Shuji and Nick with guns blazing defend the nightclub Nick flies over the bar, guns blazing, to save Shu's girlfriend.

Nick Davis decides to side with his friend Shu in a final shootout at the Tendo's nightclub when the local Mafia decides to eradicate the invading Japanese once and for all.  This was a lot of fun to shoot, although we had only a single day to do the entire shootout sequence including all lead up and other scenes.  Trying to do a John Woo style shootout with a fraction of the budget and resources was challenging, to say the least.  One of my favorite moments was one Frank insisted on where Viggo literally flies out from behind the bar (photo above right) with guns blazing, rolls across the floor and rescues Shu's girlfriend from the attackers.  It added a balletic quality to the action that was very enjoyable.

Also appearing in the film was actor Nicky Katt, (Dazed and Confused, Boston Public) as "Vick," son of the mafia boss played by Michael Nouri.  Nicky is visible in the background of this shot watching as Shuji puts a sword to his father's throat.  I got to work with Nicky again when we did Dean Koontz's Phantoms.

Nicky Katt as "Vick" watches Shuji put a sword to his father's throat.

Production Epilogue

We all worked very hard on this movie.  It was my first full feature as a DP, Frank's first as a director, and everyone involved wanted to make this film as good as we could make it.  I think we surprised many people who didn't expect this movie to turn out as well as it did.  I'm very proud of it visually and in spite of the tight schedule and low budget I believe this film to be head-and-shoulders above others movies in the same genre, budget and era. 

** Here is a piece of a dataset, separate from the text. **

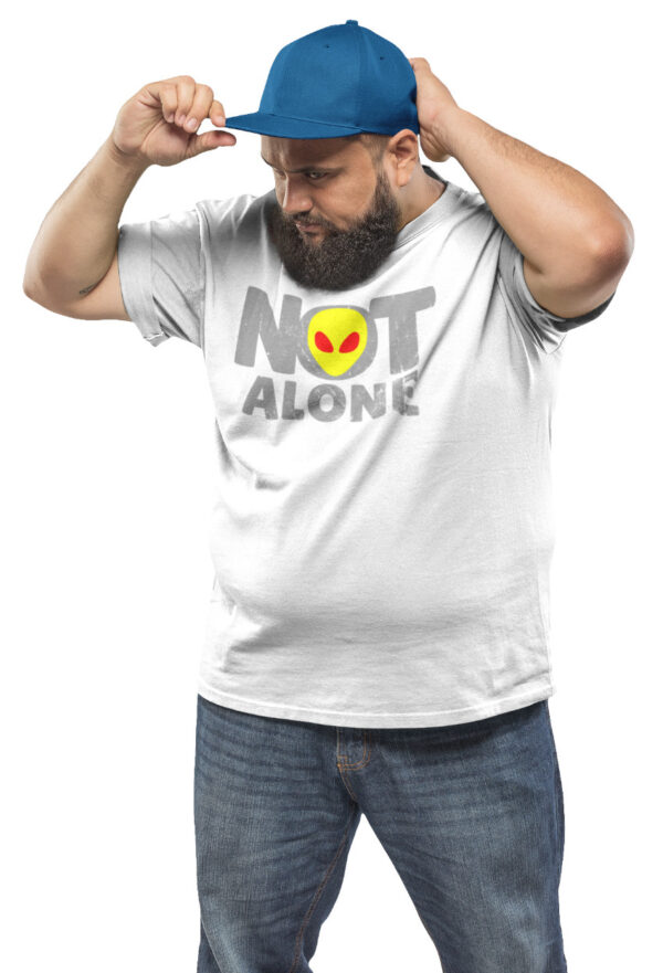 O modelo Not Alone foi criado pensando em quem não se sente só no universo. Se alguém vier perguntar “nossa, você é tão legal, por que não tem ninguém?” você já terá a resposta estampada no peito hahaha! O alienígena é um desenho clássico que foi combinado com a tipografia para dar um efeito visual mais forte.

I always hoped the film would be "discovered" and find a wider audience.  I think, perhaps, the title put people off as it sounded like it'd be a cheesy sort of movie.  When the film was released on video I thought surely some keen-eyed reviewer looking for emerging talent would discover our little gem and champion it as "better than you'd expect with some good stuff."  Sadly, when the first (and at the time only) review of the film showed up in Premiere Magazine's video release section the whole review read simply: "American Yakuza: - Gesundheit."

That was it.  Entirely.  And thus was a year and a half of hard work by many people totally dismissed for a quick joke about the title on the part of a reviewer who, I suspect, never even watched the film.  Thanks, Premiere.

The film was very successful in its theatrical run in Japan and did strong business worldwide.  It was imitated by other companies trying to capture the same level of success in the market (see The Dangerous, made shortly after our film.  I heard firsthand that the producer actually had them looking at ours and saying, "This is what I want! Why can't you give me this!").  I know American Yakuza has its flaws, not everyone likes it, but for the resources we had no one can ever make me feel bad about it.  It was our first feature and we tried hard to make it stand out from a crowd of similar, bland, cheesy exploitation action films.  We had to deliver the action scenes, that was our job and I feel we did it well, but we also tried very hard to do it with more style than most, to make the characters interesting and to be as classy as circumstances would allow.  Those with an eye to appreciate up and coming talent (such as Viggo) should recognize that even at this low level, everyone made a strong effort to produce a good motion picture.

Whatever the User Comments on IMDB I'm happy to have been a part of this one and to have had the pleasure of meeting and working with such a fine group of people.  I especially enjoyed working with our cast, particularly Viggo and Ryo, both of whom I hope to someday get a chance to work with again if the Fates should allow it.  I didn't need Lord of the Rings to know Viggo was a prince.